OpenBao Deployment Guideline
Disclaimer — customer responsibility
This page is a non-binding guideline intended to help you get started with your own Key Management System for Volume Encryption. It is provided as-is, without warranty of any kind.
Deploying, operating, securing, upgrading, and backing up the KMS — including all key material it holds — is entirely your responsibility. T-Systems / Open Sovereign Cloud is neither responsible nor accountable for KMS deployments based on this guideline, and your KMS is not covered by OSC support or service level agreements.
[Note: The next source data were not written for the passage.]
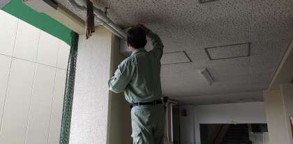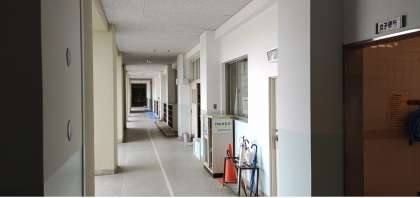 管理作業員さんが東館の廊下の塗り替えをしています。懇談やいきいきで1階廊下を通った時に気づいていただけた方も多いと思いますが、とても明るくなりました。今後南館の廊下も塗り替えていく予定です。
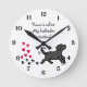 Cute Black Labrador trotting Horloge murale. Caricature de chien de Labrador Retriever, fantasque et drôle, créée par Naomi Ochiai du Japon. De beaux cadeaux pour les amoureux de les chiens qui aiment Labradors. Le chiot noir du Labrador souriant trotte avec des coeurs volants. Vous pouvez customiser du texte.
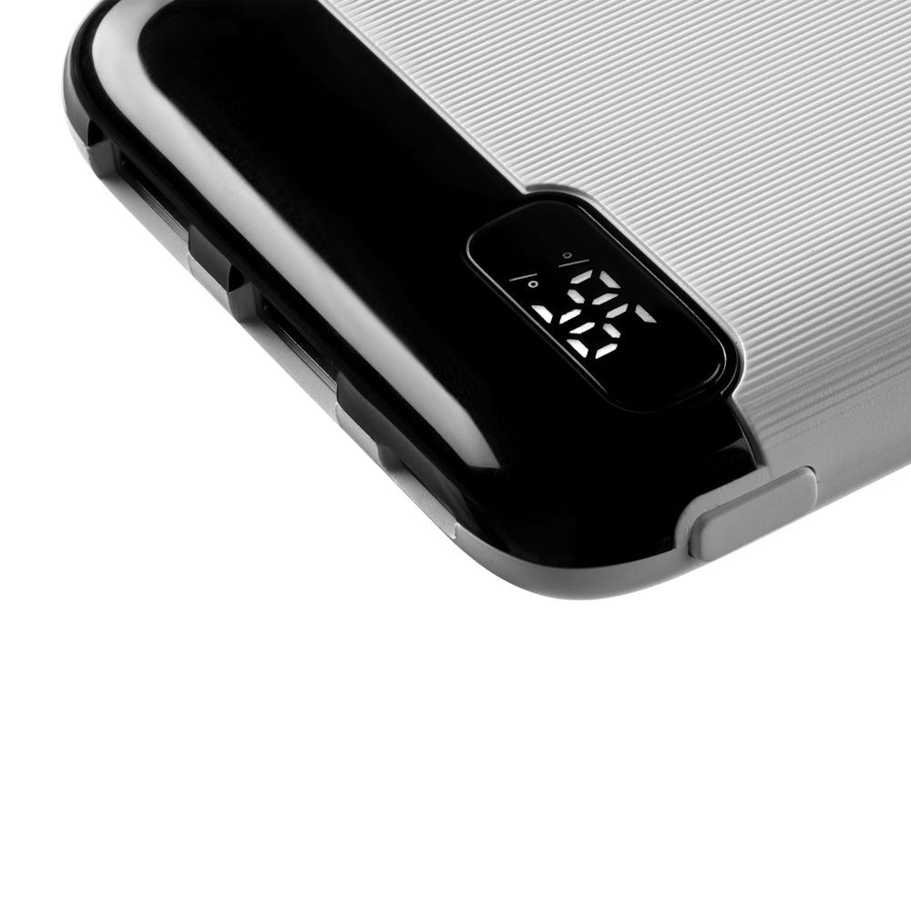 Компактный аккумулятор со входными разъемами Type-C и Micro USB, а также удобным индикатором заряда в процентах.
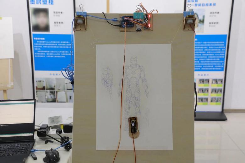 “墨韵壁绘”是智能工程学院孙博韬同学基于Arduino开发板精心设计的一款墙画机器人。该机器人系统以Arduino开发板作为核心“大脑”,可精准读取Gcode代码,并将代码中蕴含的绘画线段分拆成一个个具体的坐标点,凭这一功能,能在墙体上安全、精准、高效完成墙体绘画任务。
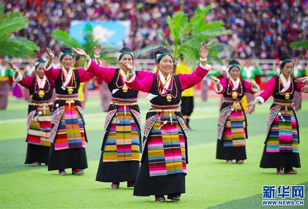8月26日,日喀則農(nóng)牧民群眾演員身著特色民族服飾在開幕式上表演。新華社記者 劉東君 攝
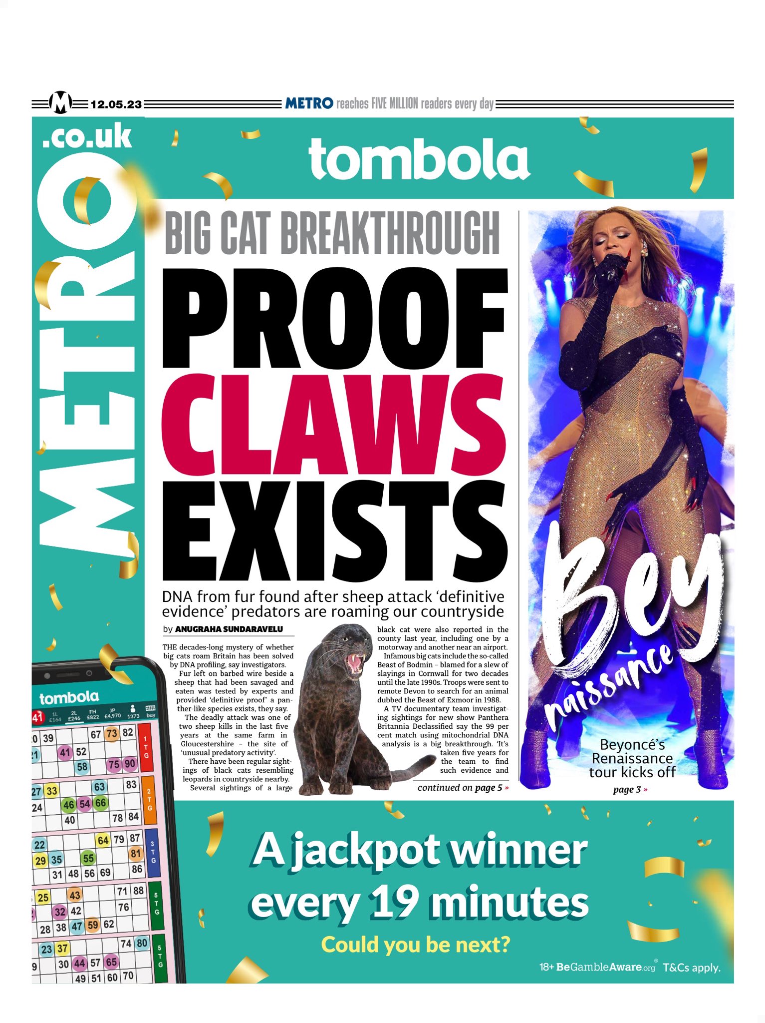 Metro’s top story is the “big cat breakthrough,” reporting on DNA profiling proving a “panther-like” species roaming the UK countryside.
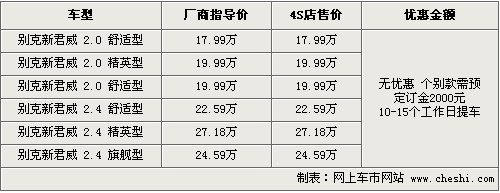 據(jù)4S店銷售人員介紹,目前新君威全系還沒(méi)有優(yōu)惠出現(xiàn),各經(jīng)銷商處有一部分現(xiàn)車已經(jīng)到店。而熱銷的紅色款車型仍然是訂單制銷售。目前可選的現(xiàn)車顏色有金色、灰色等款。消費(fèi)者如果訂車的話,需要交2000元訂金,在10-15個(gè)工作日內(nèi)便可以交車。
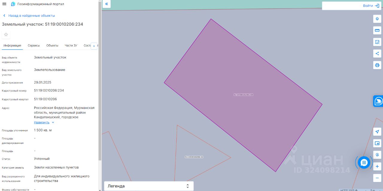 Земельный участок с кадастровым номером 51:19:0010206:234 площадь 1500 по адресу Российская Федерация, Мурманская область, муниципальный район Кандалакшский, городское поселение Кандалакша, село Лувеньга
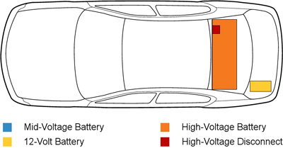 When welding on a hybrid vehicle or electric vehicle, follow the same precautions as when welding on a conventional vehicle. In addition, there are precautions to take with the high-voltage battery. As a best practice, disconnect both the 12 V battery and the high-voltage battery service disconnect. (Note: Always disable the high-voltage battery following the vehicle makers repair information and follow all safety precautions.)

OpenBao is a third-party open-source product; always consult the official OpenBao documentation for authoritative and up-to-date guidance.
OpenBao is the recommended first choice, but not the only one: volume encryption equally supports any KMIP-compatible KMS or HSM — the choice of key management stays yours.
This guideline deploys OpenBao as a 3-node High-Availability cluster spread across 3 availability zones inside your shoot cluster. It keeps serving through the loss of any one pod or one availability zone, planned or unplanned.
| Mechanism | Setting | Effect |
|---|---|---|
| Integrated Storage (Raft) | 3 replicas (odd) | Consensus quorum = 2; the cluster tolerates 1 node down. Data is replicated to every node. |
| Zone spread | topologySpreadConstraints on topology.kubernetes.io/zone |
Exactly one replica per availability zone, so losing a whole zone removes only one Raft node — quorum survives. |
| Node spread | podAntiAffinity on kubernetes.io/hostname |
No two replicas on the same node. |
| Voluntary-disruption guard | PodDisruptionBudget maxUnavailable: 1 |
Node drains and rolling upgrades evict at most one pod at a time, never breaking quorum. |
| Auto-unseal (recommended) | seal stanza |
A restarted pod auto-rejoins and auto-unseals — hands-free recovery, not just survival. |
To tolerate two simultaneous failures, use 5 replicas (quorum = 3). The replica count must stay odd (3, 5, 7) for a stable quorum.
What this protects
- The key encryption key (KEK) lives only inside OpenBao
(Transit key with
exportable=false) — it never reaches a worker node or the Kubernetes API. - A dump of the cluster's Secrets yields only wrapped (encrypted) volume keys — useless without the KEK.
- The driver's token can only wrap and unwrap with the one key — it cannot read the key, touch other keys, or administer OpenBao.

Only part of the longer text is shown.